Oh je. Ich mach das ja alles, weil mir all dies Spaß macht. Für mich ist eine gewisse Durchmischung schön. Kammermusik ist einfach toll, wenn man Leute auf der Bühne hat, mit denen man auf einen gemeinsamen Nenner kommt und sich intuitiv versteht. Das ist was ganz Kostbares. Ich hab es sehr spät kennen und dann ganz fest lieben gelernt. Ein Solo-Abend ist eine ganz große Herausforderung, weil es niemanden gibt, auf den man Verantwortung abwälzen kann: Das ist eigentlich das Härteste, weil jede Entscheidung, die man trifft, sich auswirkt. Das gibt es eigentlich auch nur bei uns Pianisten. Im Idealfall spüre ich da das Publikum sehr stark.

Im April kommt Ihre neue CD mit der „musica ricercata“ von Györgi Ligeti und Beethovens „Bagatellen“. Das würde man jetzt nicht auf einer CD zusammen vermuten.

Die „musica ricercata“ sind im Grunde genommen ja auch Bagatellen, das ist Musik, die in der Knappheit der Aussage sich schon auch auf diese späten Beethoven-Werke bezieht.
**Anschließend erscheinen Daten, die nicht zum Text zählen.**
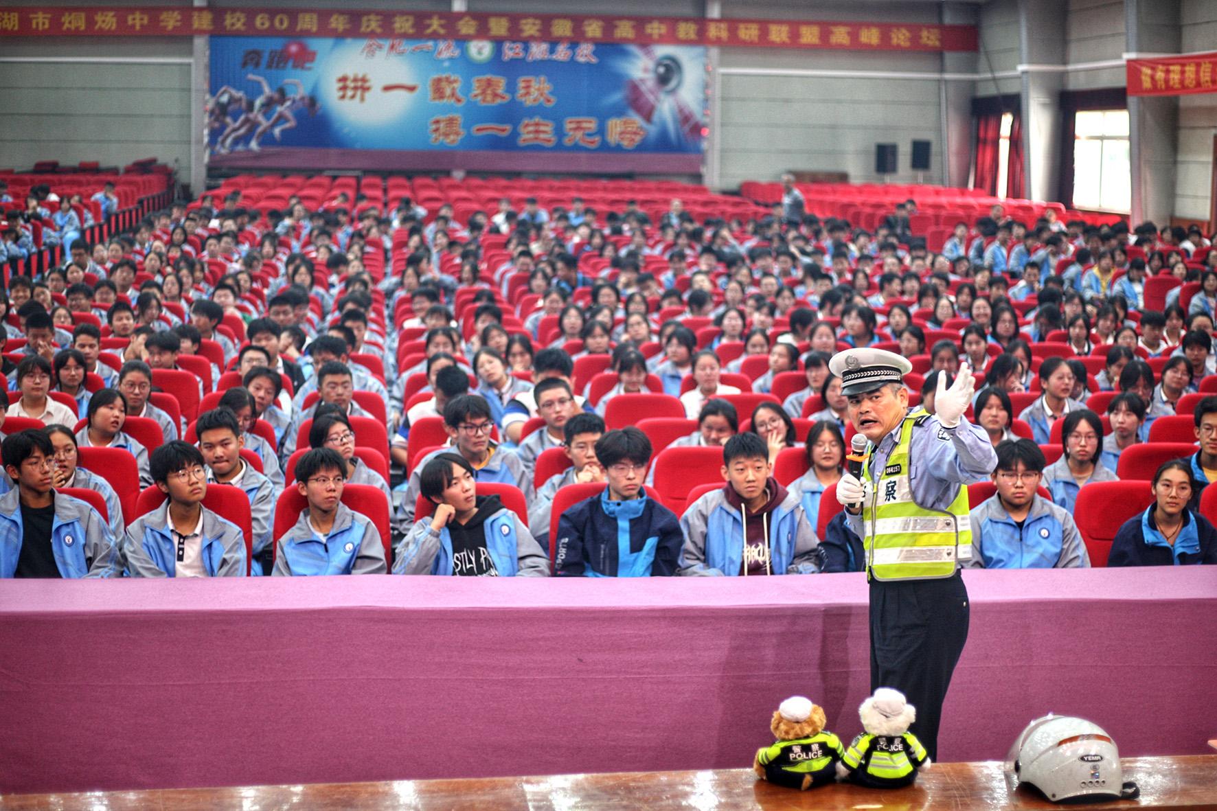 10月11日,安徽省巢湖市公安局交警大隊(duì)民警走進(jìn)烔煬中學(xué)開(kāi)展交通安全教育宣講活動(dòng)。

Beethoven hat am Schluss einfach so visionär komponiert, dass man seine Werke ganz problemlos zu einem Stück aus den 1950er-Jahren setzen kann. Ich hab auf dieser CD tatsächlich die elf Bagatellen op. 119 und die „musica ricercata“ abwechselnd eingespielt, da werde ich versuchen, möglichst viel der von Ihnen angesprochenen „produktiven Verwirrung“ zu stiften. Und schauen, wo ein spontaner Dialog über Jahrhunderte entsteht.

Was oder wen spielen Sie überhaupt am liebsten, wenn Sie so vor sich hinspielen? Wer ist Ihr absoluter Lieblingskomponist?

Ich spiele eigentlich nicht vor mich hin. Wenn ich mich entscheiden müsste, würde wahrscheinlich eine Top-Five-Gruppe rauskommen. Letzten Endes sind das Bach, Mozart, Beethoven, Schubert – und da müsste ich überlegen, wen ich noch dazu nehme. Diese Entscheidung würde man ja nicht nur aufgrund der Schönheit der Musik machen, sondern auf Grund des Gefühls, dass man dieser Musik noch ganz viel schuldig ist. Alfred Brendel hat mir gesagt, nachdem er aufgehört hat zu spielen, dass er jetzt erst das Gefühl hat bei manchen langsamen Beethoven-Sätzen, dass er die jetzt richtig spielen kann. So leben wir Pianisten in einer Art glücklichen Verzweiflung mit dieser Musik.